Below are some records. Retype exactly the lines from the one containing "陶悦窯 陶酒杯 木箱お名入れ 金色刷毛" through the one containing "The illustrations of", both included, skipping every picture.

Start of Working data

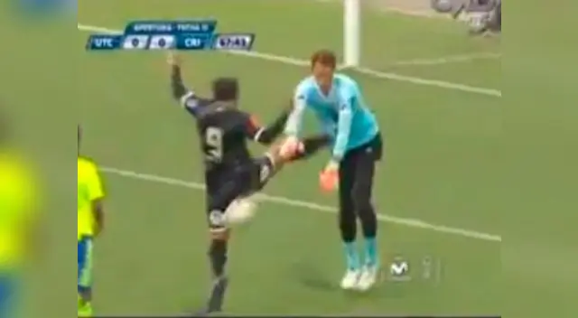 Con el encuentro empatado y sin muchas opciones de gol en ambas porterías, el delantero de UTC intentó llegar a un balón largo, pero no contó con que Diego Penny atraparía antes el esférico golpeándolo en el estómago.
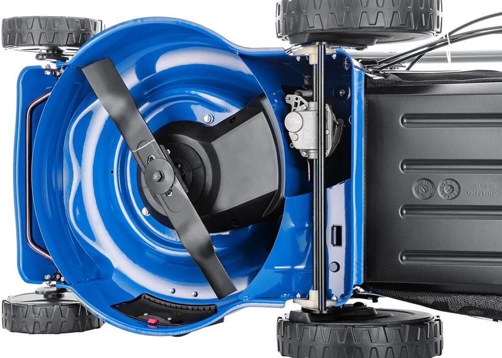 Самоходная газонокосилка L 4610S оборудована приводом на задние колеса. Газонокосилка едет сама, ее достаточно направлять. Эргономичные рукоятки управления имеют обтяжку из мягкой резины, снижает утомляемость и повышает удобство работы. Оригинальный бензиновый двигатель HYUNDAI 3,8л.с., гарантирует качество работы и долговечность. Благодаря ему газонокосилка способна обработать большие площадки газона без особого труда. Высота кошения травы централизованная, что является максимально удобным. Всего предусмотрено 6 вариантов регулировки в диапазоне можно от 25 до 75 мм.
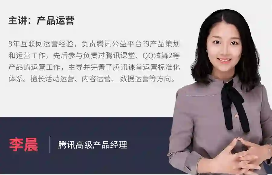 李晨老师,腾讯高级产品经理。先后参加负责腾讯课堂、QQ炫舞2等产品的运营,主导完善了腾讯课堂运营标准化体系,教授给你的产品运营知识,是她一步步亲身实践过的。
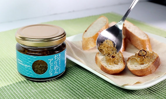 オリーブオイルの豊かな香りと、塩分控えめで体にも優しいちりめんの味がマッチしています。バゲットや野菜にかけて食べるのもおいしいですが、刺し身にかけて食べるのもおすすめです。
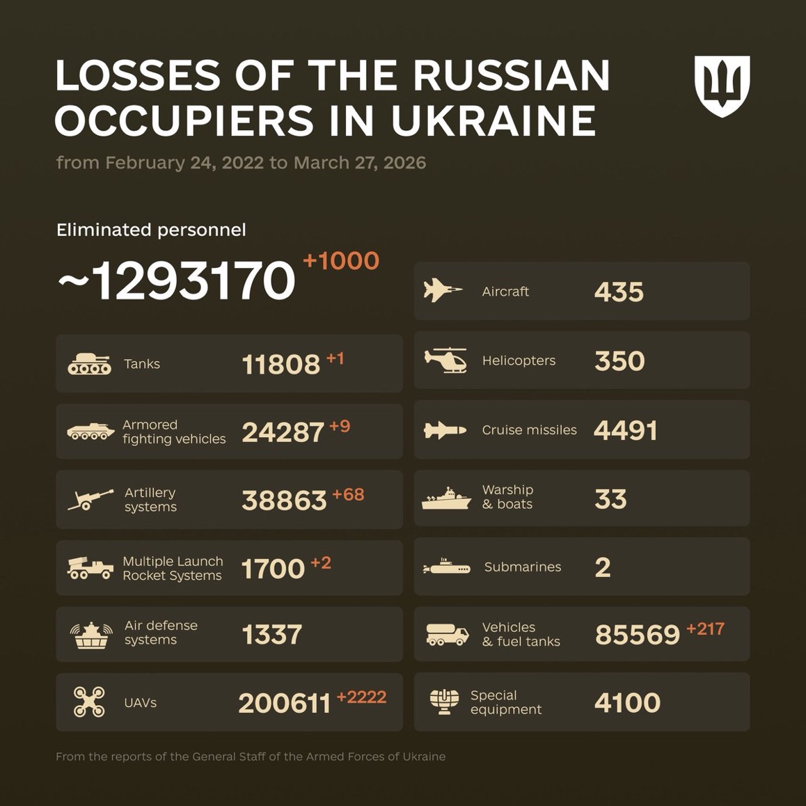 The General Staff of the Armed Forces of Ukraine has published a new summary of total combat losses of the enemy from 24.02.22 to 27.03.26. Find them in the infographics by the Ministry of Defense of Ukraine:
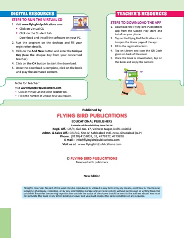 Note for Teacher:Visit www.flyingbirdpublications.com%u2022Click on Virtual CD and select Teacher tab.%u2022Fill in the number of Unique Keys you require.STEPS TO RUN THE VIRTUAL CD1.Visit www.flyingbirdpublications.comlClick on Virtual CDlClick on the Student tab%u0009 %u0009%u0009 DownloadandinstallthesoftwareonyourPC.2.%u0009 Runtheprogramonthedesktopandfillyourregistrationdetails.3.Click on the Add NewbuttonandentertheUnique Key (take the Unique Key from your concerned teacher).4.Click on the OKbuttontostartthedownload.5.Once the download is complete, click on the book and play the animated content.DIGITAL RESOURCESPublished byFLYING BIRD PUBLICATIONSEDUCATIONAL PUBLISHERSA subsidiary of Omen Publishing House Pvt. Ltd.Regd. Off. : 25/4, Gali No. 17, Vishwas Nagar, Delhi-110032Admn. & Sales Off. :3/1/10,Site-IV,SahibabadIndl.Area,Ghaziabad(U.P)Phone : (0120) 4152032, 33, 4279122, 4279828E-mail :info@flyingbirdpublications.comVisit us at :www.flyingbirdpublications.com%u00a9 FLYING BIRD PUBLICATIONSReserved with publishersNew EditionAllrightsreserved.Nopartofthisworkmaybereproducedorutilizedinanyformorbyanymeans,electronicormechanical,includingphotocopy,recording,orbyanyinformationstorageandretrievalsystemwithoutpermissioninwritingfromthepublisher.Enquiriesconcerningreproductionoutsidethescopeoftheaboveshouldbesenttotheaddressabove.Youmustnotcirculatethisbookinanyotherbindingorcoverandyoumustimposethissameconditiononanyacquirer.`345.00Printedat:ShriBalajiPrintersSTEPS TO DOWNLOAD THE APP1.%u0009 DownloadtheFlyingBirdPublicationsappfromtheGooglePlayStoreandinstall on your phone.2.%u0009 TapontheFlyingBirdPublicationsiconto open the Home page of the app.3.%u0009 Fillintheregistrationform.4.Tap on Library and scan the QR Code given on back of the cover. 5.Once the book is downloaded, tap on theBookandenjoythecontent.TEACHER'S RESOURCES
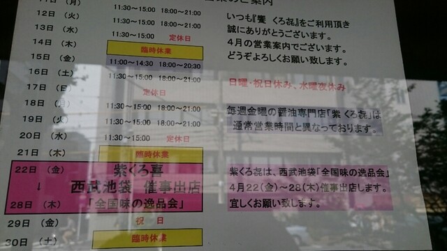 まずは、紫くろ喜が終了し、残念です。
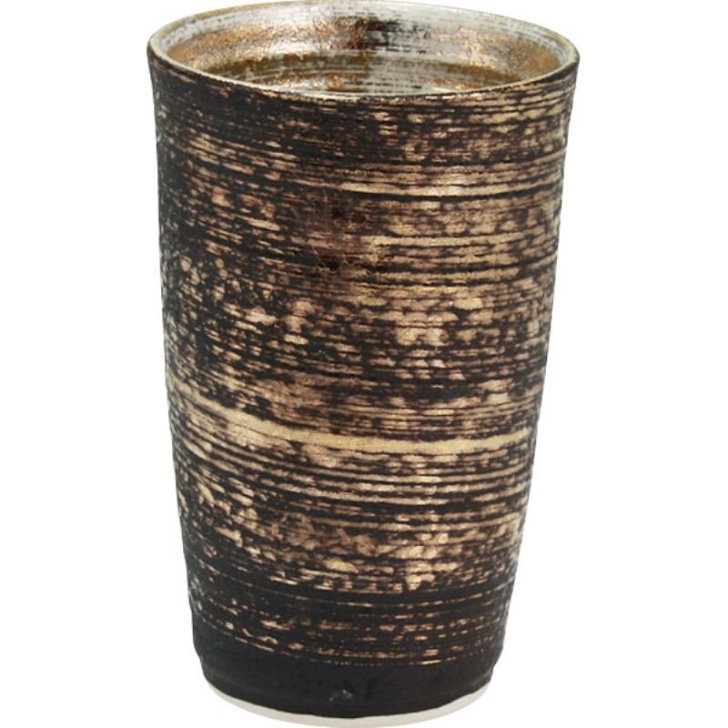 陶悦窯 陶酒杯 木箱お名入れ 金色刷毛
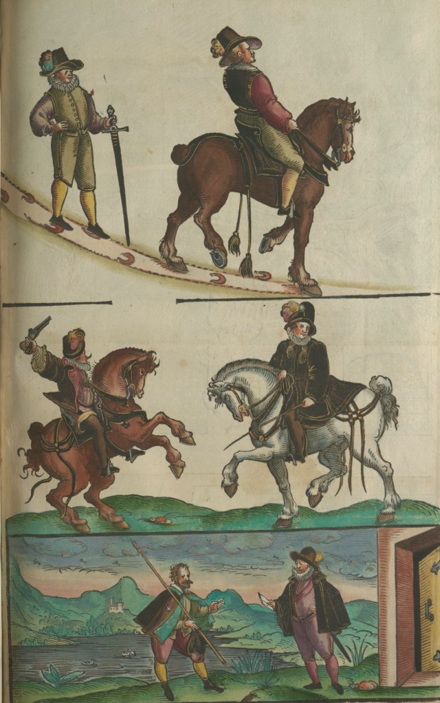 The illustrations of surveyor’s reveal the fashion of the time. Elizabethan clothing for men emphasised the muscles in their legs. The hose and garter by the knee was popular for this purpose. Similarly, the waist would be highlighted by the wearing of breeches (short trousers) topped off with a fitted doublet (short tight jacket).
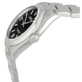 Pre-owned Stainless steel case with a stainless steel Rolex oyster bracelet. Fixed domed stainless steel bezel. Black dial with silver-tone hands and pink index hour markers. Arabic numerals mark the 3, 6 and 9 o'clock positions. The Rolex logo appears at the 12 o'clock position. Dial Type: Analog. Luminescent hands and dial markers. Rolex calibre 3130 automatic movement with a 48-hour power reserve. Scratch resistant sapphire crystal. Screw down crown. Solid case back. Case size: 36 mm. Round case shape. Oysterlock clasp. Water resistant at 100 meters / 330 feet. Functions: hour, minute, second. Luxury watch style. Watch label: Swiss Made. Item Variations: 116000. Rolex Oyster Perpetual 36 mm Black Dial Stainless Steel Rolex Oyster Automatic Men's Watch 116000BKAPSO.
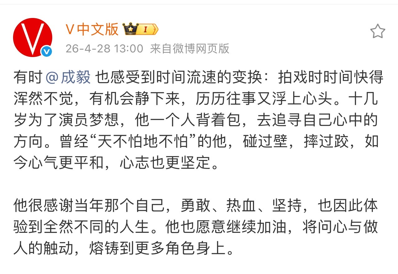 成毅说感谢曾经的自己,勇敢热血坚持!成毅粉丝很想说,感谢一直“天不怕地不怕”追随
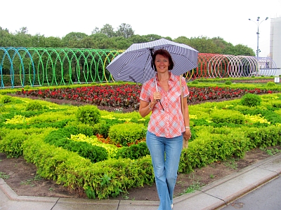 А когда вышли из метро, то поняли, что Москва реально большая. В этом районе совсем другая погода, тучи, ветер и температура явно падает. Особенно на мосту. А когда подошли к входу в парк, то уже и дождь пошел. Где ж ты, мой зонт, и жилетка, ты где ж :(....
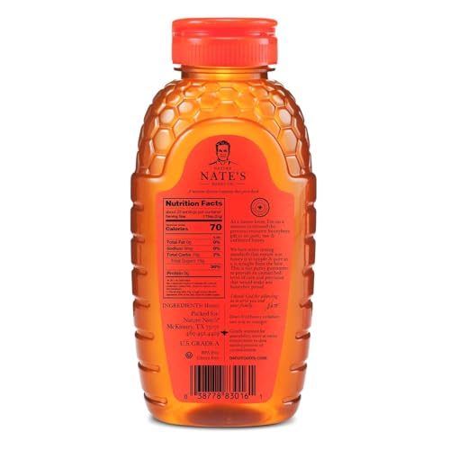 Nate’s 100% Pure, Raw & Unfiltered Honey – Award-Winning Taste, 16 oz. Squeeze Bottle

End of Working data
Start of Working data

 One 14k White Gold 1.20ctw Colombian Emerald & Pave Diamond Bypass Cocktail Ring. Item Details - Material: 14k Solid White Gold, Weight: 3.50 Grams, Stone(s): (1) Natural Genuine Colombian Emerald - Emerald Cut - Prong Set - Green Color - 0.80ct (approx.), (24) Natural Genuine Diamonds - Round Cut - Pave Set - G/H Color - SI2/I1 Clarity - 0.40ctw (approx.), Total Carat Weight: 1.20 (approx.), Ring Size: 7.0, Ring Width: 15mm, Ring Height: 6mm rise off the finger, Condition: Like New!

End of Working data
Start of Working data

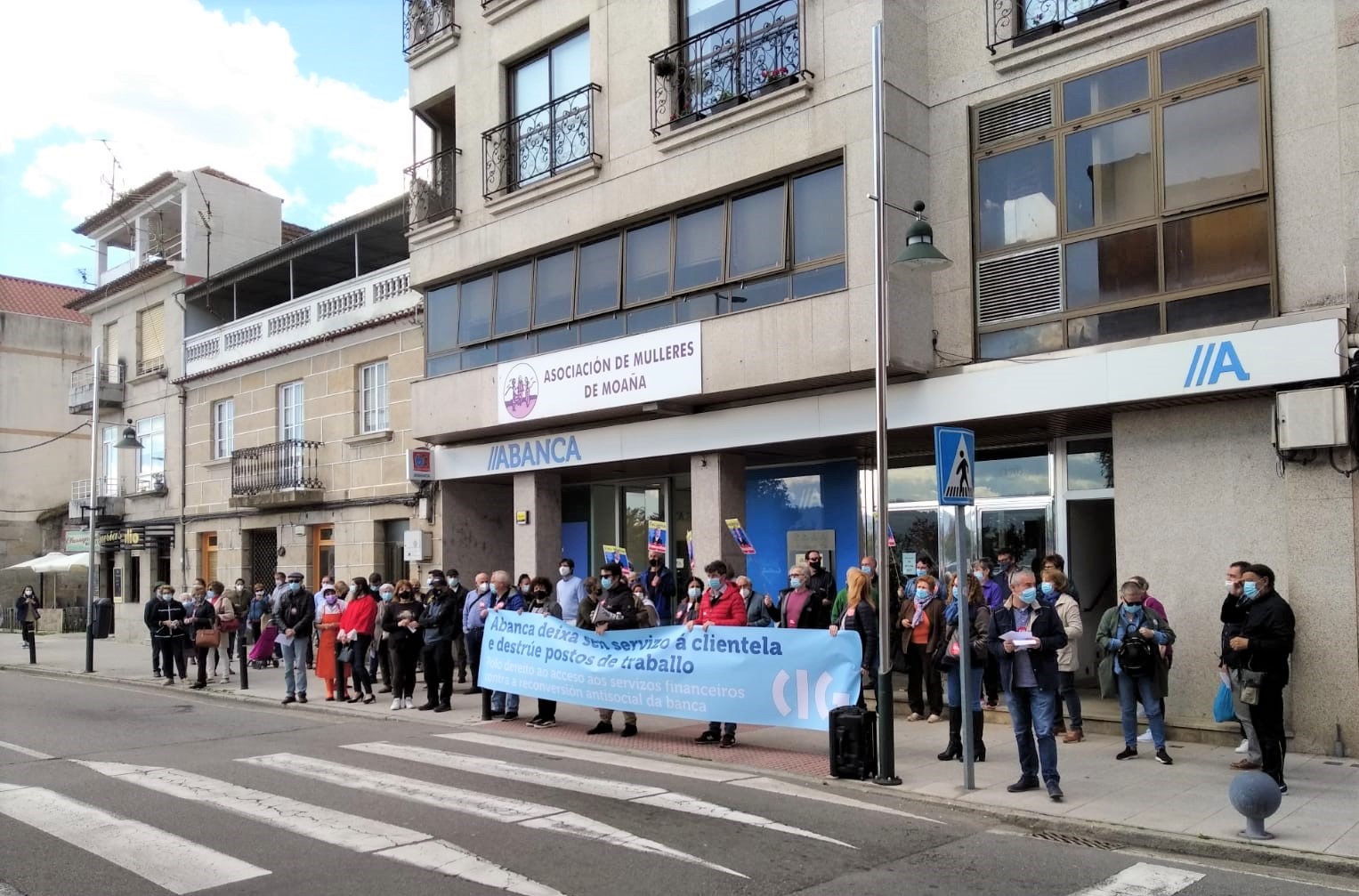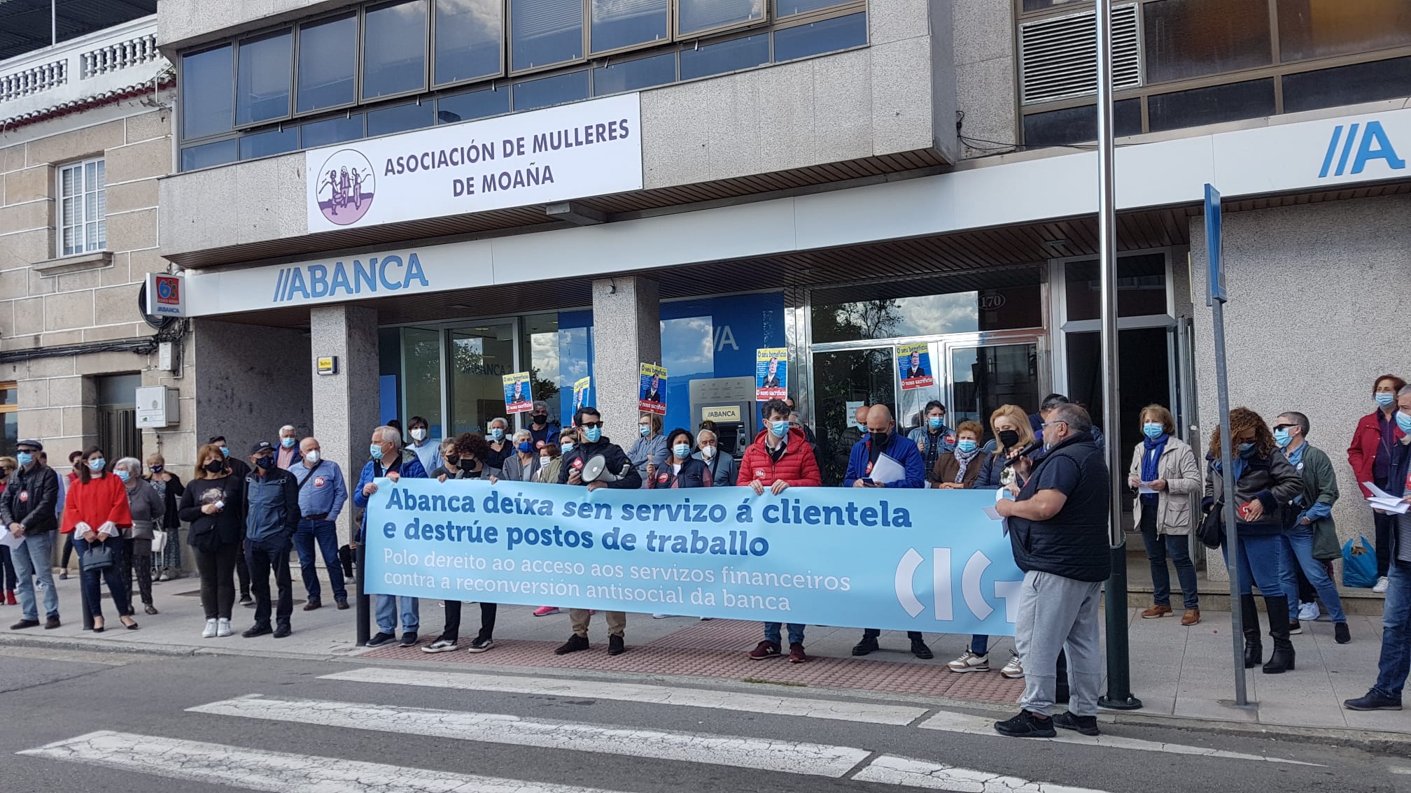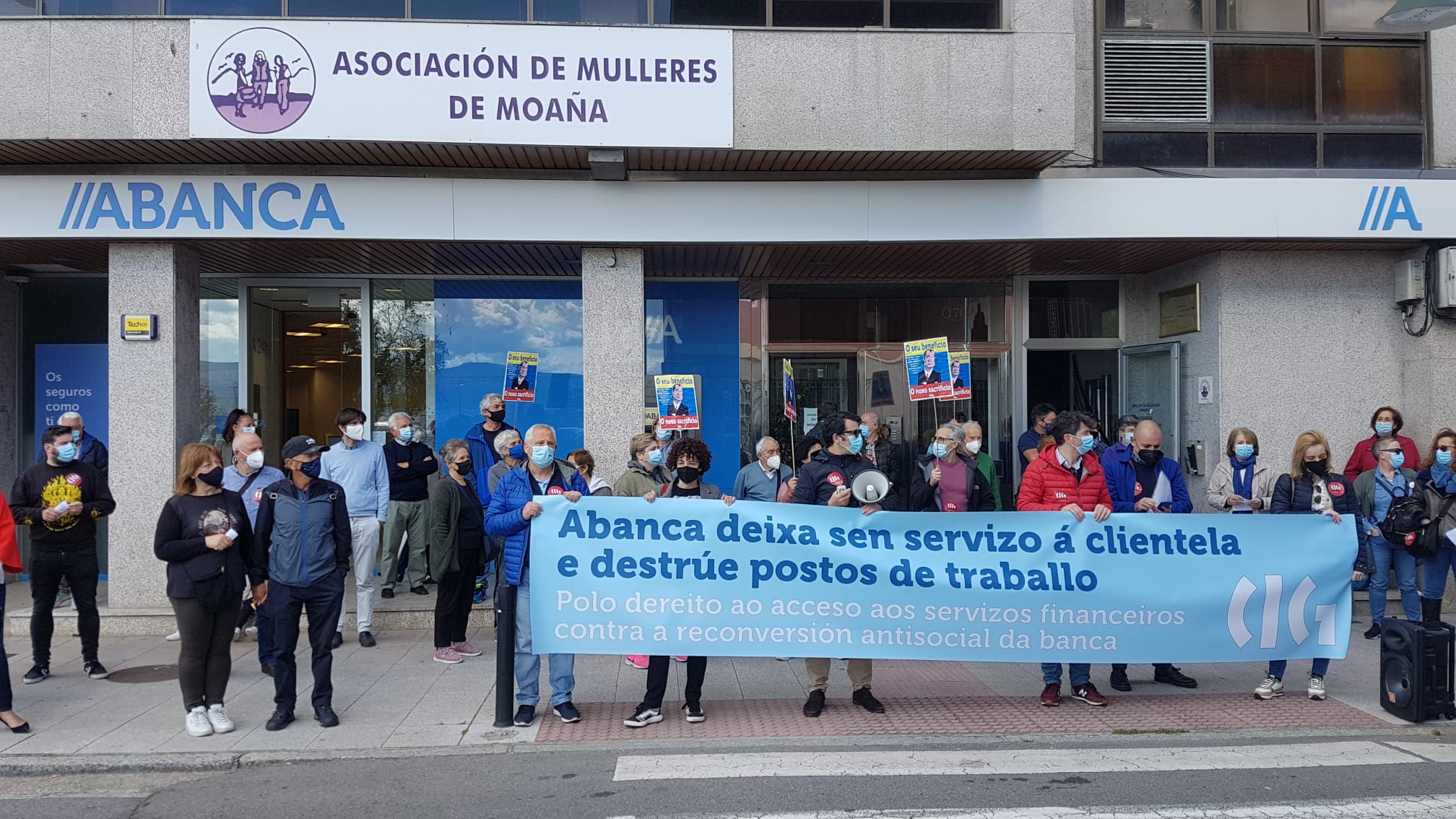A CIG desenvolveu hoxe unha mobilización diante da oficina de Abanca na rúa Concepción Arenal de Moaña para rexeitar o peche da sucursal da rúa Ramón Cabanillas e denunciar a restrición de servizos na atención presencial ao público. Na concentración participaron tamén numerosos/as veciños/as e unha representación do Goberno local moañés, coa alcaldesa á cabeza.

End of Working data

### [Answer space]
 陶悦窯 陶酒杯 木箱お名入れ 金色刷毛
 The illustrations of surveyor’s reveal the fashion of the time. Elizabethan clothing for men emphasised the muscles in their legs. The hose and garter by the knee was popular for this purpose. Similarly, the waist would be highlighted by the wearing of breeches (short trousers) topped off with a fitted doublet (short tight jacket).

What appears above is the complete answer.